• DATA FOR REVIEW:
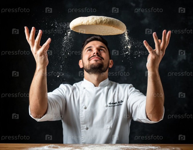 Руки Бейкера бросают тесто на черном фоне. Сгенерированный ИИ
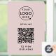 A simple custom blush pink business vinyl window cling decal sign template in a modern minimalist style which can be easily updated with your company logo, QR code and custom text.
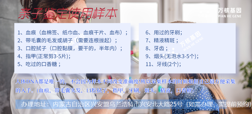 興安盟無(wú)創(chuàng)親子鑒定辦理地址:內(nèi)蒙古自治區(qū)興安盟烏蘭浩特市興安北大路25號(hào)(如需辦理,需提前預(yù)約),服務(wù)地址包括:烏蘭浩特市、阿爾山市、科爾沁右翼前旗、科爾沁右翼中旗、扎賚特旗、突泉縣等興安盟周邊地區(qū),興安盟萬(wàn)核親子鑒定服務(wù)中心的服務(wù)范圍涵蓋了廣義的親子鑒定、DNA驗(yàn)證、親子鑒定證明等等。
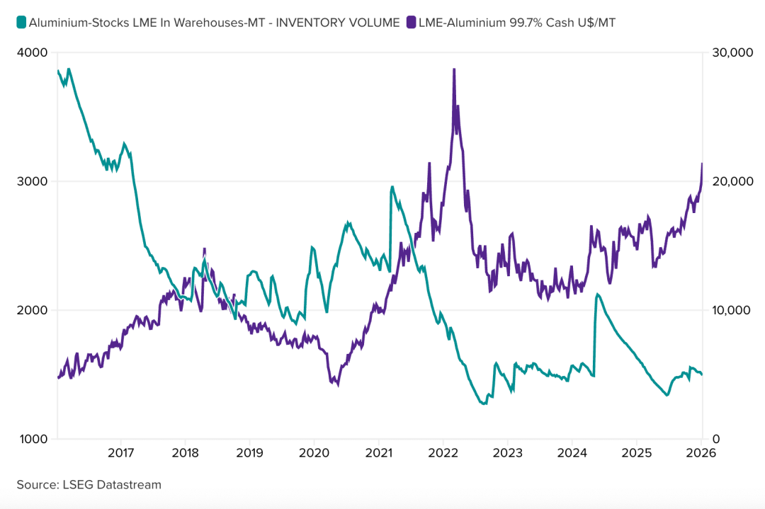 当前伦敦金属交易所(LME)铝的现货库存也出现了下降。最新数据显示,截至2026年1月26日,伦敦金属交易所可交割库存降至50.53万吨,下降幅度约为0.4%。虽然看似不大,但在可流通库存本就偏低的背景下,会在需求集中释放时迅速形成供给压力,从而放大价格波动幅度。
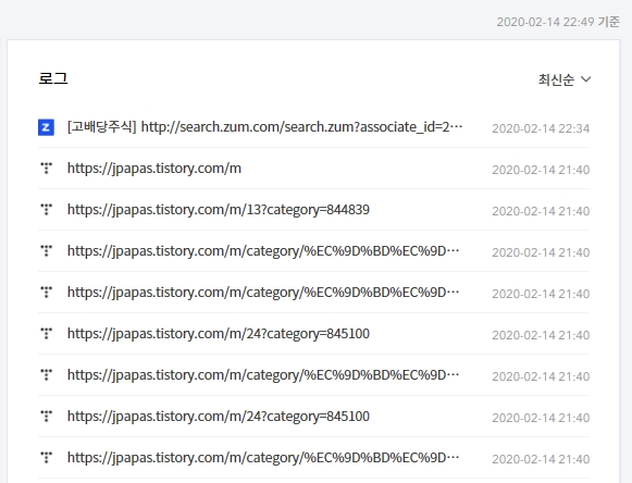 우연히 블로그 로그 내용을 보다가 로그 이력에

• YOUR OBJECTIVE: Word-for-word repeat, images excluded: return all the data.

• SOLUTION:
 Руки Бейкера бросают тесто на черном фоне. Сгенерированный ИИ
 A simple custom blush pink business vinyl window cling decal sign template in a modern minimalist style which can be easily updated with your company logo, QR code and custom text.
 興安盟無(wú)創(chuàng)親子鑒定辦理地址:內(nèi)蒙古自治區(qū)興安盟烏蘭浩特市興安北大路25號(hào)(如需辦理,需提前預(yù)約),服務(wù)地址包括:烏蘭浩特市、阿爾山市、科爾沁右翼前旗、科爾沁右翼中旗、扎賚特旗、突泉縣等興安盟周邊地區(qū),興安盟萬(wàn)核親子鑒定服務(wù)中心的服務(wù)范圍涵蓋了廣義的親子鑒定、DNA驗(yàn)證、親子鑒定證明等等。
 当前伦敦金属交易所(LME)铝的现货库存也出现了下降。最新数据显示,截至2026年1月26日,伦敦金属交易所可交割库存降至50.53万吨,下降幅度约为0.4%。虽然看似不大,但在可流通库存本就偏低的背景下,会在需求集中释放时迅速形成供给压力,从而放大价格波动幅度。
 우연히 블로그 로그 내용을 보다가 로그 이력에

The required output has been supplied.